Deviled Egg Potato Salad

  • 3 lbs Yukon gold or red potatoes, peeled and diced into 1-inch cubes
  • 12 large hard-boiled eggs, peeled
  • 1 1⁄2 cups mayonnaise
  • 1⁄4 cup Dijon or yellow mustard
  • 2 tbsp white vinegar or cider vinegar
  • 1⁄4 cup dill pickle relish or diced gherkin pickles, plus 2 tbsp pickle juice
  • 1 tbsp fresh dill, chopped (or 1 tsp dried dill)
  • 1 tsp paprika, plus more for garnish
  • 1⁄2 cup diced celery
  • 1⁄4 cup diced red or sweet onion
  • Salt and pepper to taste

Instructions

    • Boil the potatoes in salted water until fork-tender, about 15 minutes. Drain and let cool slightly.
    • Meanwhile, hard boil the eggs using your preferred method. Once cooled, peel and slice 6 of the eggs in half lengthwise. Remove the yolks to a bowl and mash them with a fork.
    • To the mashed yolks, add the mayonnaise, mustard, vinegar, relish (or pickles and juice), dill, paprika, and a pinch each of salt and pepper.
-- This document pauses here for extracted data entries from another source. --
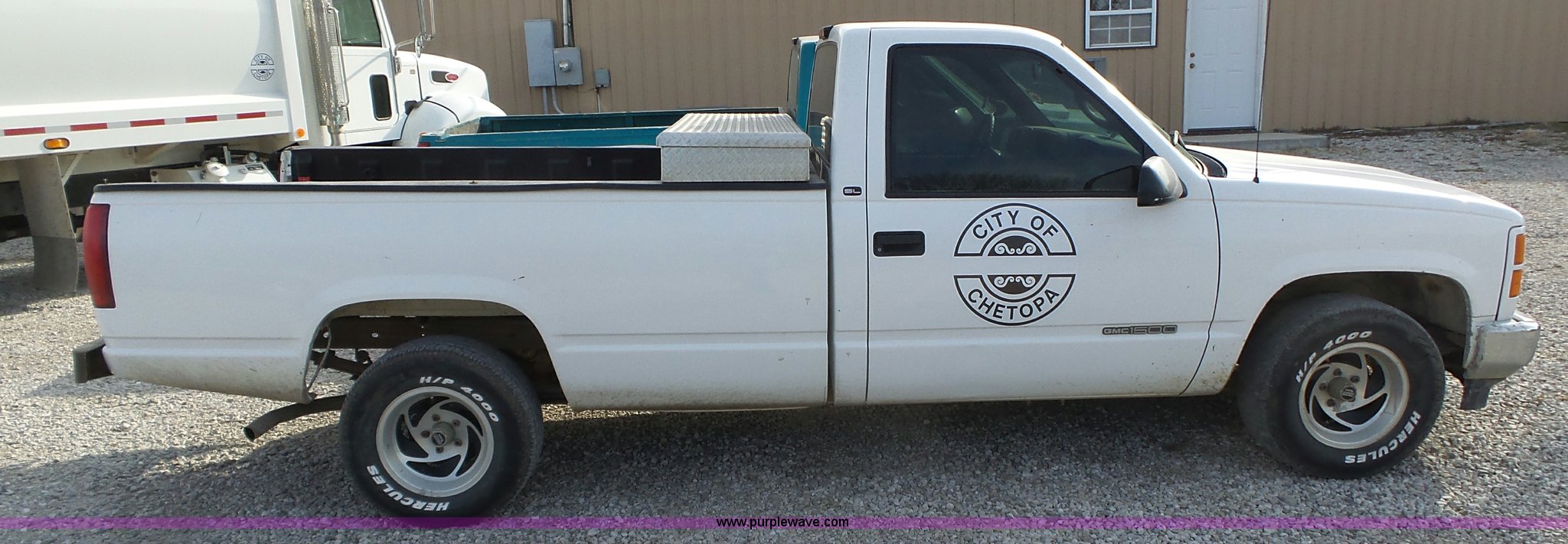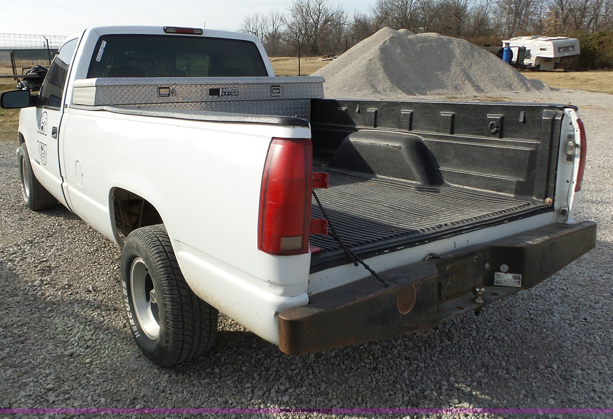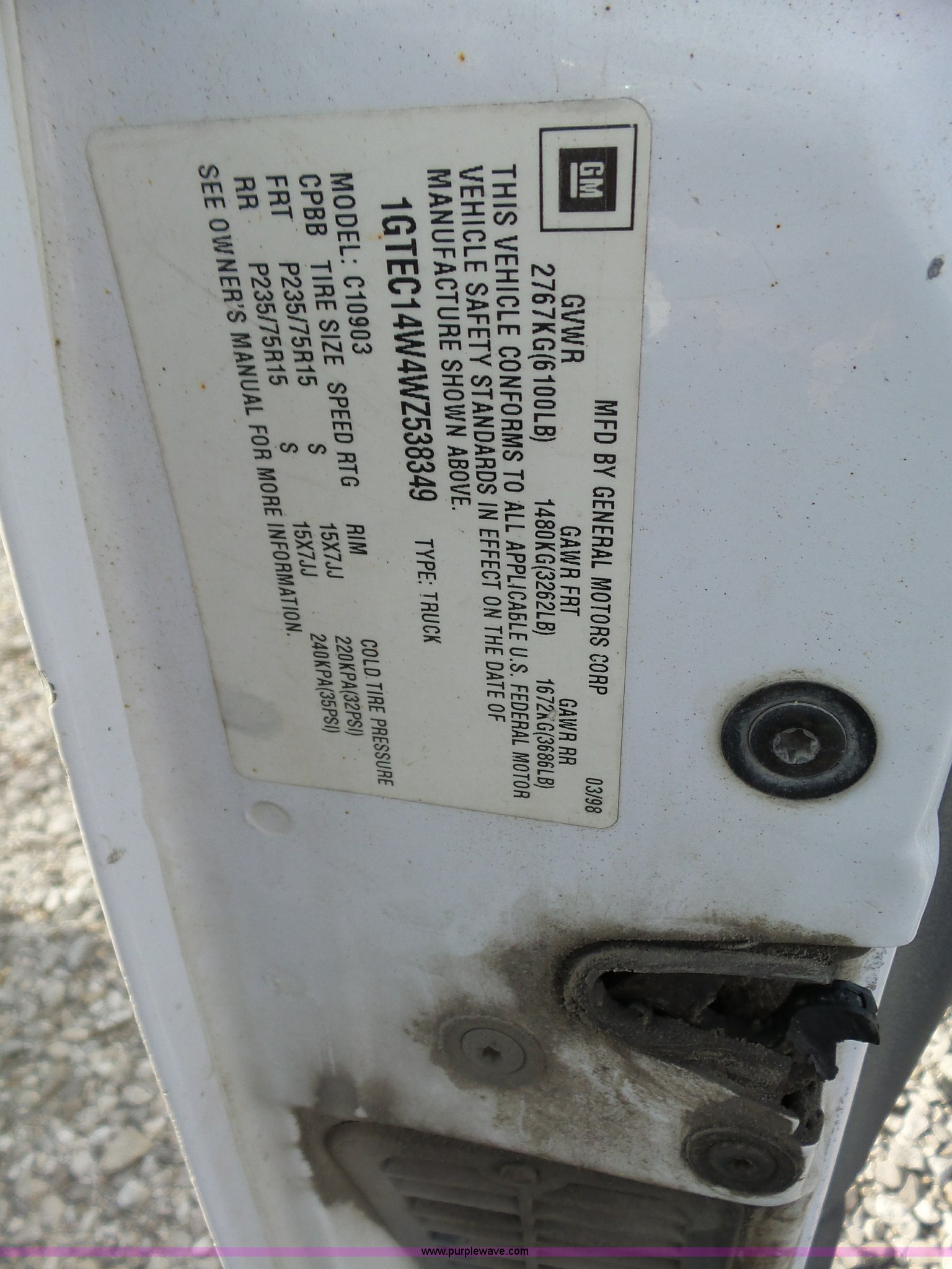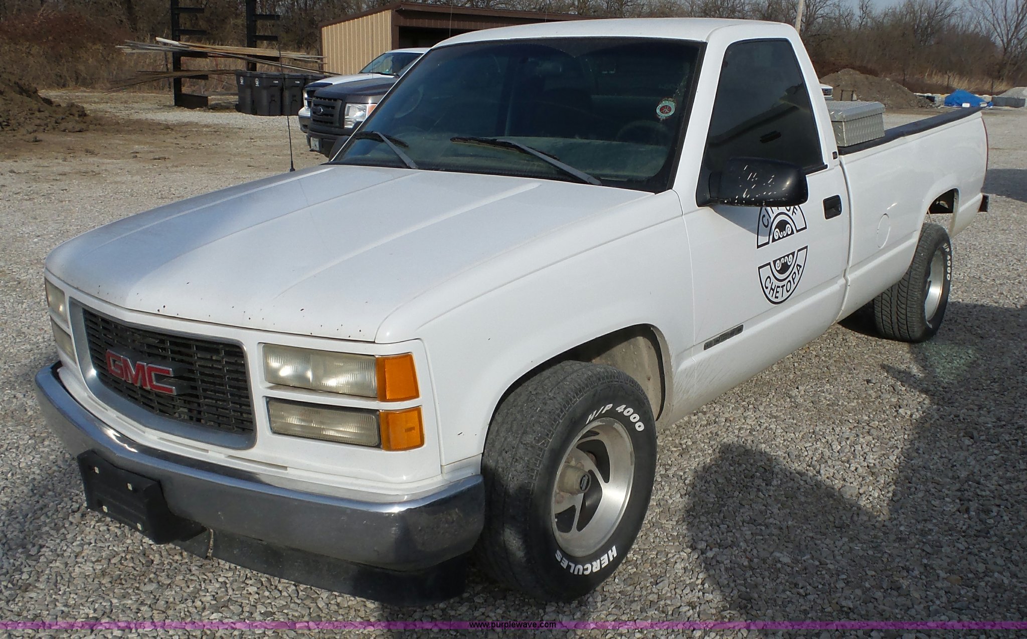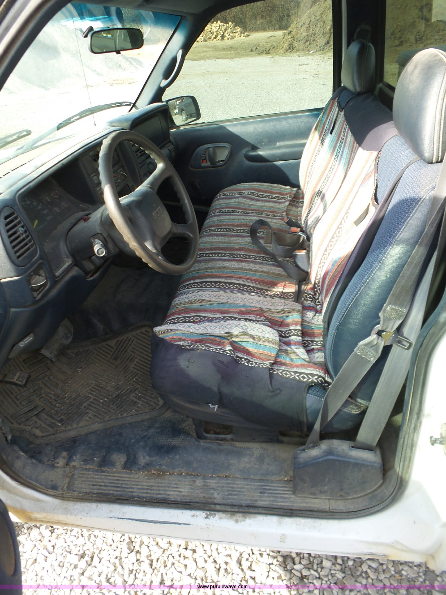 Purple Wave is selling a used 1/2 Ton Pickup or Van in Kansas. This item is a 1998 GMC Sierra 1500 pickup truck with the following: 313,077 miles on odometer, 4.3L V6 OHV 12V gas engine, Automatic transmission, AC and heat, Tilt, Cruise, AM/FM/cassette, Manual windows and locks, Cloth interior, P275/60R15 tires, Interior/exterior cosmetic damage, Cracked windshield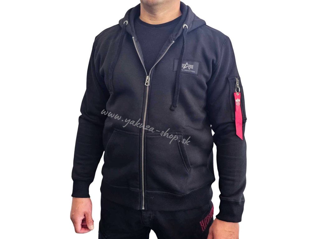 Alpha Industries BACK PRINT ZIP HOODY black pánska mikina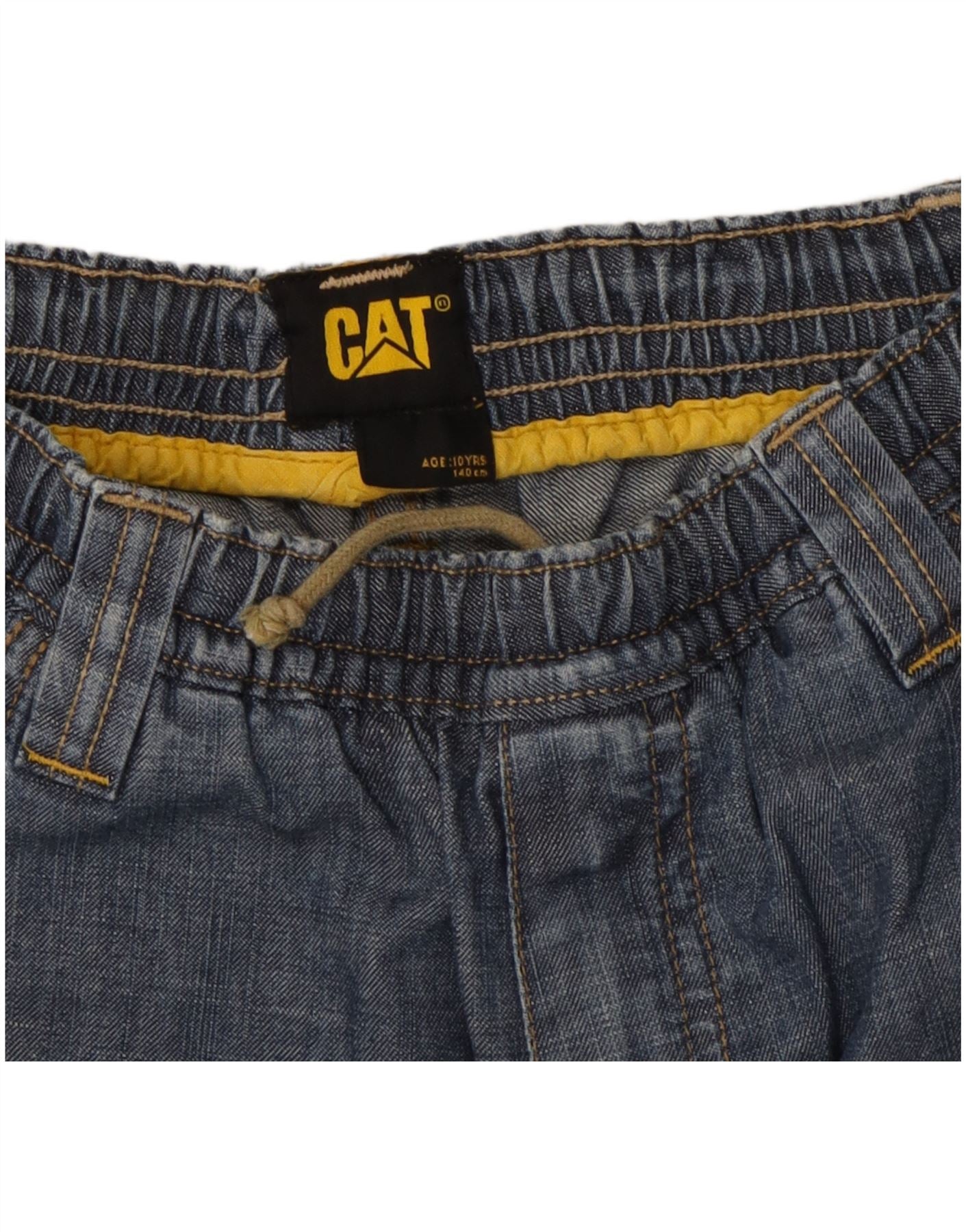 - AI Description: These CAT boys' cargo shorts are crafted from durable blue denim. They feature a relaxed fit for ultimate comfort, complete with an elasticated drawstring waist. Multiple practical pockets provide ample storage. A subtle brand logo adds a classic, authentic touch. This design is perfect for active wear, blending robust style with everyday functionality.

Whisk until smooth to make the dressing.
    • Chop the remaining 6 hard-boiled egg whites and the sliced egg white halves.
    • In a large bowl, gently mix together the diced potatoes, chopped eggs, celery, onion, and the dressing until well combined.
    • Taste and adjust seasoning with salt, pepper, and more pickle juice if desired.
    • Refrigerate for at least 1 hour before serving to allow flavors to blend. Garnish with extra paprika and dill before serving.